Ansonsten, wenn der Webservice nur Lokal (LAN) aufgerufen wird, könnte man das evtl. auch über IPs lösen.


----------



## TeamBob (6. Mrz 2009)

hmm...
Also würde es möglich sein die Security Methode vom Project zu verwenden die bereits eine passwort abfrage macht.
Man müsste diese im WS nur aufrufen und so verändern das diese als Antwort eine AuthToken mitsenden der ja dann wahrscheinlich im SOAP Header gespeichert wird, sodass man ein gewissen session hat oder sehe ich das jetzt falsch.
Hast du genau Tipps wie man dies umsetzen könnte?
Kannst mir ja mal ne Pm mit deiner ICQ-NR. schicken, dann kann man das näher besprechen...
Naja danke dir


----------



## mvitz (6. Mrz 2009)

Da ich mich bei der Sache nur einen Client entwickelt habe kann ich dir eben per Pseudocode zeigen, wie das geht. Ist eigentlich keine Session, sondern ein immerwährendes senden des Tokens.

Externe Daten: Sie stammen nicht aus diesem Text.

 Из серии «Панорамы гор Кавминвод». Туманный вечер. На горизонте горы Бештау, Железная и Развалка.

Sessions gibt es für einen Webservice meines wissens nach nicht.

Pseudocode:
[HIGHLIGHT="Java"]WebService service = new WebService();
String authToken = service.login("test", "geheim");
Document doc = service.getDocument(authToken, "ichWillDasDokument");
service.logout(authToken);[/HIGHLIGHT]

Wie das intern geregelt wird, kann ich dir nicht sagen, ich weiß auch nicht, ob der Authtoken jedesmal derselbe ist oder sich ändert. (Das kann ich aber am Montag nachgucken, wenn bedarf besteht).

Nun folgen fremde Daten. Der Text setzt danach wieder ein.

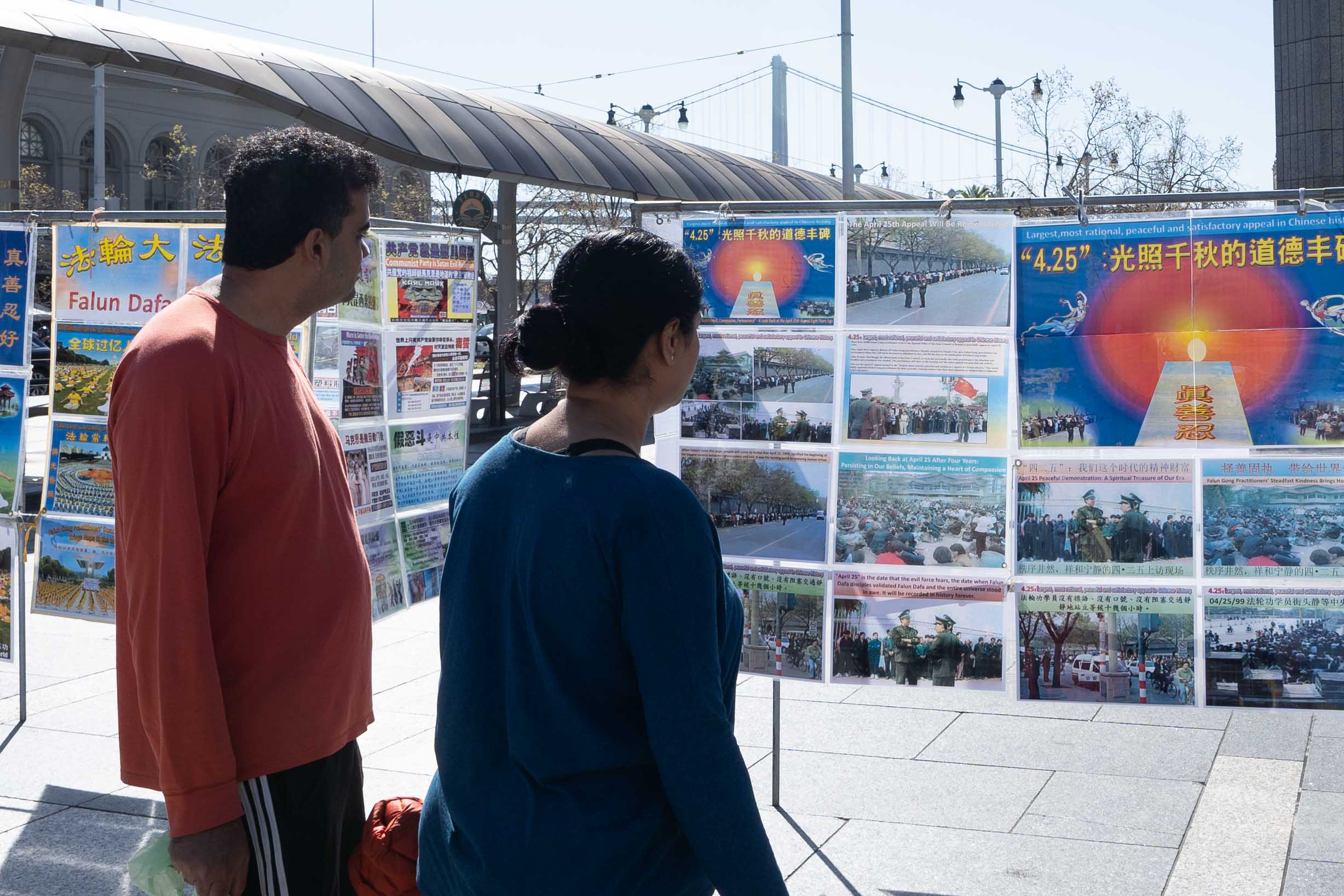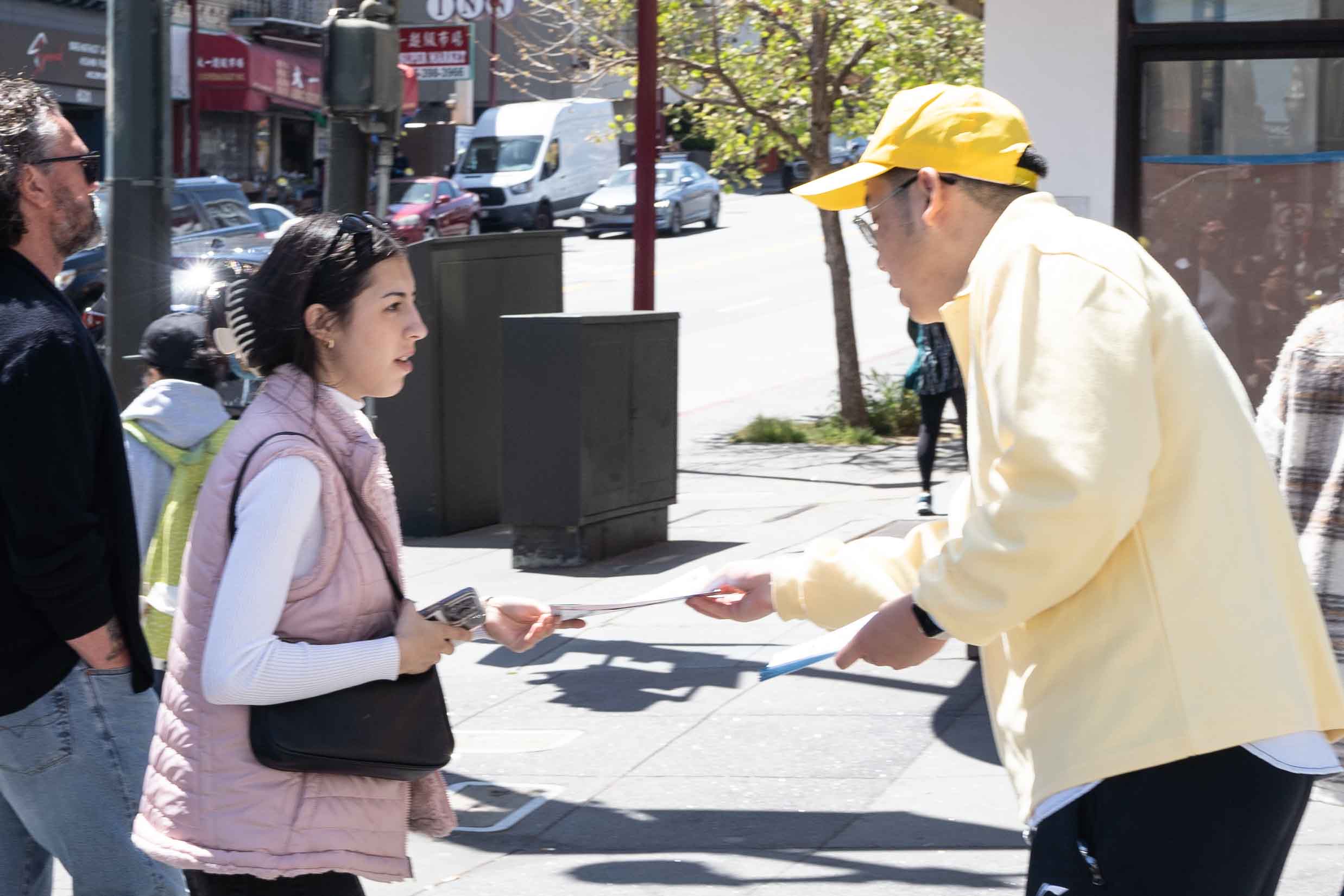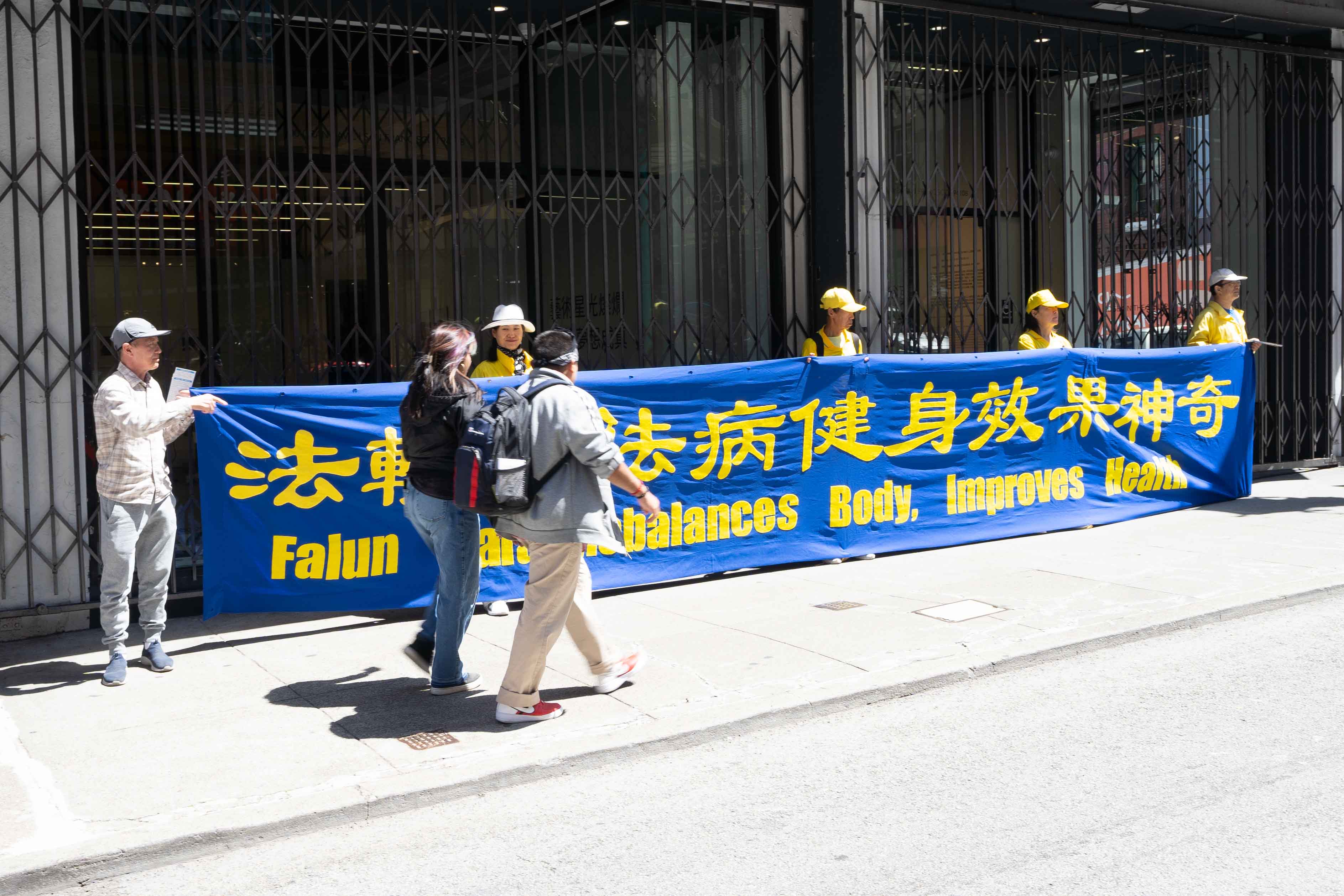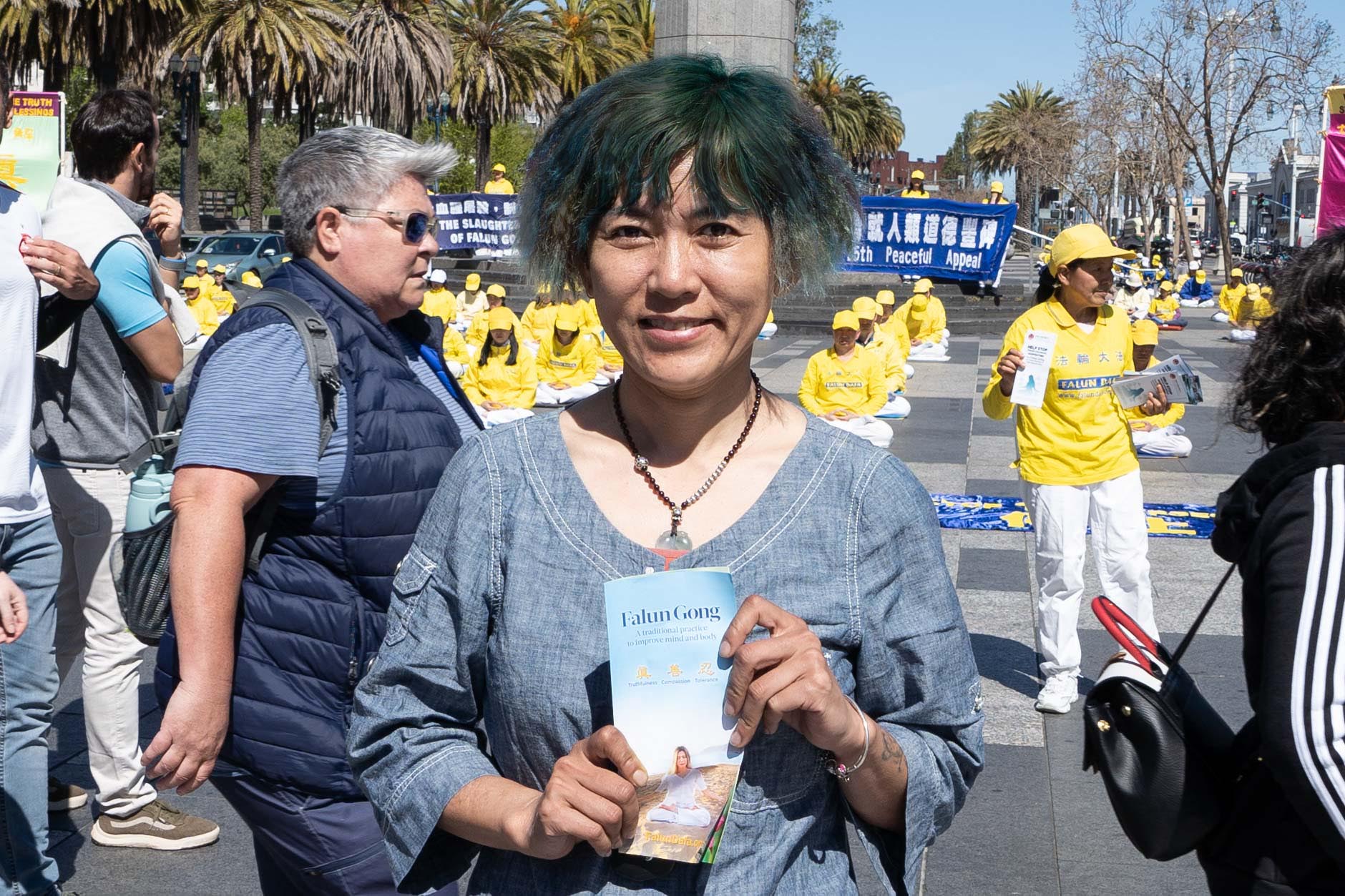 二零二三年四月二十二日,大陆新移民苏女士在美国旧金山渡轮大厦前广场看到法轮功学员纪念“四·二五”万人和平上访二十四周年的场景,流连忘返,她说,“我觉得法轮功挺好的,他们就是在一起炼功,对身心有好处,应该支持。”

Ansonsten machst du das so:

Nach dem Aufruf login, passiert auf dem Server:
1) Username vorhanden?
2) Password passt zum Usernamen?
3) zufälliges authToken generieren
4) authToken + Zeitstempel abspeichern
5) bei jedem Methoden aufruf gucken, ob authToken vorhanden
6) aufruf bearbeiten + neuen Zeitstempel für authToken abspeichern
6) wenn logout aufgerufen wird, authToken löschen, ansonsten authToken nach x minuten löschen


----------



## TeamBob (6. Mrz 2009)

ok das sind schonmal sehr interessante Informationen und Hilfen.
Also es wäre echt eine riesen Hilfe, wenn du mir Montag dazu mehr
schreiben könntest. Also sprich nicht nur den Pseudocode
sondern alles was du so darüber hast. Das würde mir echt helfen.
Danke ich freue mich..


----------



## TeamBob (12. Mrz 2009)

Naja ich bin jetzt immernoch nicht soviel weiter mit meiner WebService Authentifizierung, weil ich einfach nicht weis wie ich bei der ganzen Sache ansetzen sollte.

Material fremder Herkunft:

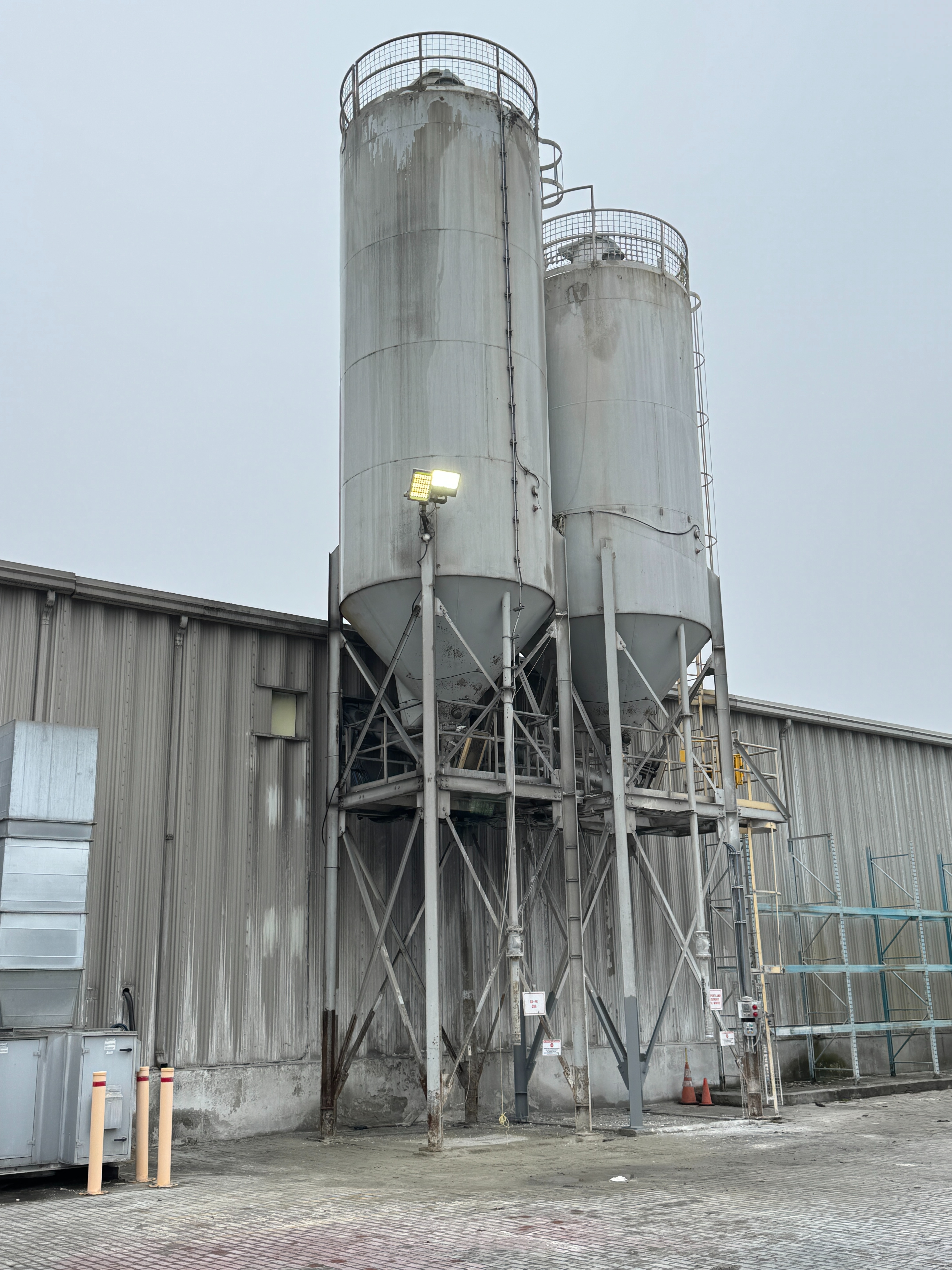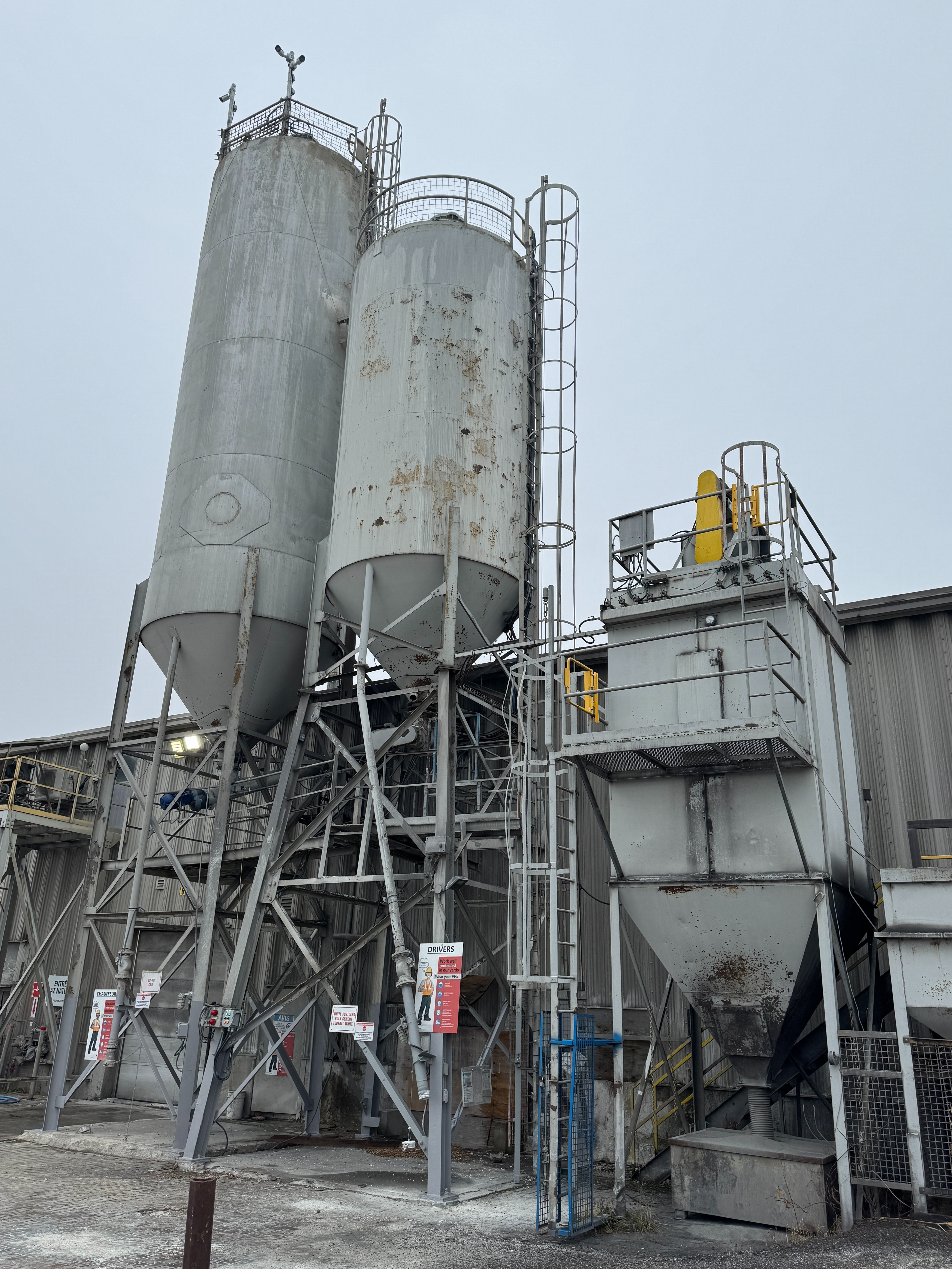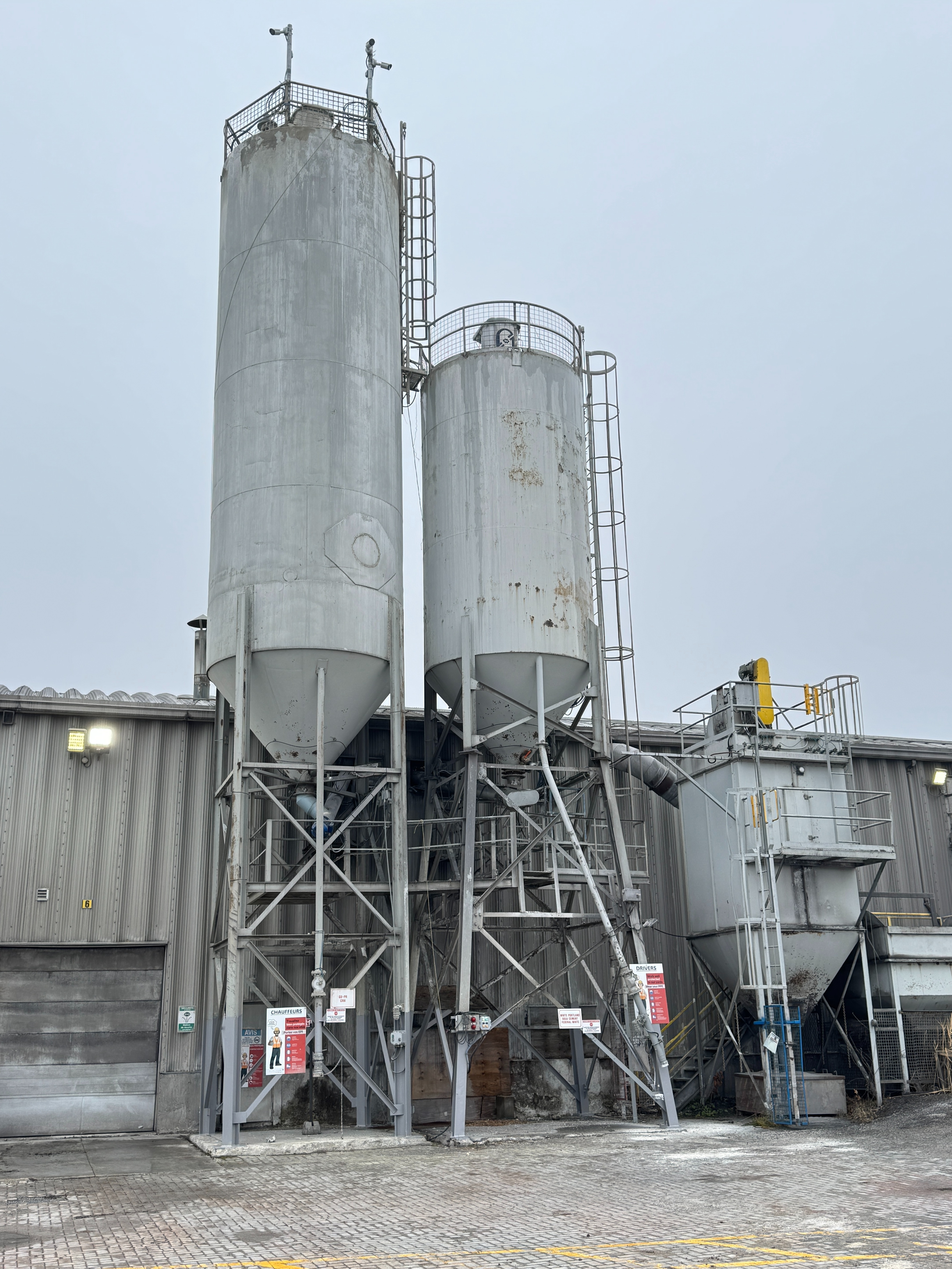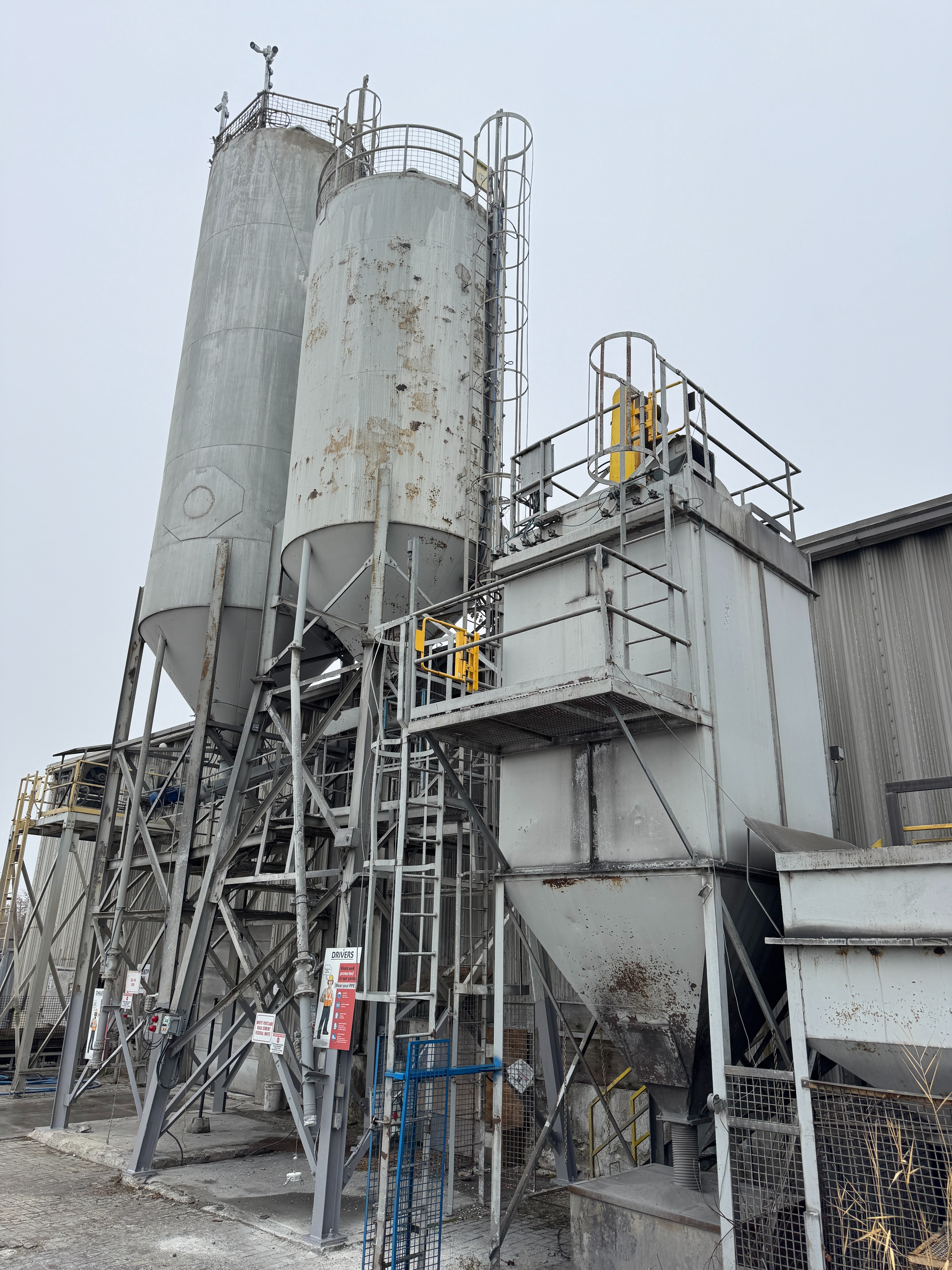 Includes ladders, guardrails, cement augers, cement loading pipes and a dust collector on top of each silo

Also der User muss sich irgendwie anmelden mit einen Passwort und einen Username und diese muss überprüft werden und dann die dazugehörigen rechte bekommen. Wie schon gesagt eine Username / Passwort abfrage besteht schon im Project aber im WS funktioniert das ja irgendwie anders. Dieser Status dann muss ja dann auch irgendwie weitergegeben werden sodass ich das irgendwie übergeben. Weil bei der Suchanfrage muss man bis jetzt ein Suchbegriff eingeben und seine ID. Die ID sollte dann wegfallen und es sollte dann die ID übergeben werden die er bei der anmeldung bekommmen hat, sodas ihn ein status zugeorndet werden kann usw. Ich weis aber gar nicht wie ich das übergebe ohne das komplette XML-File auseinander zunehmen. 
Wie gesagt ich habe gar keinen Ansatz, vielleicht könnt ihr mir ja helfen.
Danke


----------



## mvitz (12. Mrz 2009)

Wie gesagt, entweder gibts du dem Benutzer in der Anmeldung einen Key (oder auch ID) zurück und dieser muss diese dann jedesmal mitschicken. (So macht das auch Jira, habe das heute nachgeschaut. Hier muss man sich einloggen, bekommt einen Key zurück und muss diesen Key immer mitschicken.) Ander Möglichkeit wäre evtl. per IP.


----------



## TeamBob (13. Mrz 2009)

hmm....
Hast du den vielleicht irgendwelche Qullcodes für mich?
Weil ich weis gar nicht wie ich das angehen soll im dem Bereich


----------



## mvitz (13. Mrz 2009)

Nein Quellcode kann ich dir leider keinen geben. Ich würde es wie gesagt so machen:

1. User loggt sich ein:

```
token = login(username, password);
```
1.1 Server macht folgendes:

```
String login(username, password) {
  boolean canLogin = canLogin(username, password);
  if (canLogin) {
    String token = calculateToken(username, password);
    addTokenToList(token);
  }
}
```
2. User ruft methode auf:

```
result = suche(dokumentname, token);
```
2.1 Server macht folgendes:

```
Document suche(dokumentname, token) {
  if (checkToken(token)) {
    return findeDokument(dokumentanem);
  } else {
    throw new Exception("Nicht erlaubter Zugriff!");
  }
}
```


```
boolean checkToken(token) {
  if (tokenMap.exists(token)) {
    return true;
  }
  return false;
}
```


----------



## TeamBob (13. Mrz 2009)

hmm.... 
Ich sehe schon wie du das meinst, muss ich da jetzt extra einen server programmieren oder wo schreibe ich das denn hin.


----------



## mvitz (13. Mrz 2009)

Auf den Server, der deinen Webservice ausführt?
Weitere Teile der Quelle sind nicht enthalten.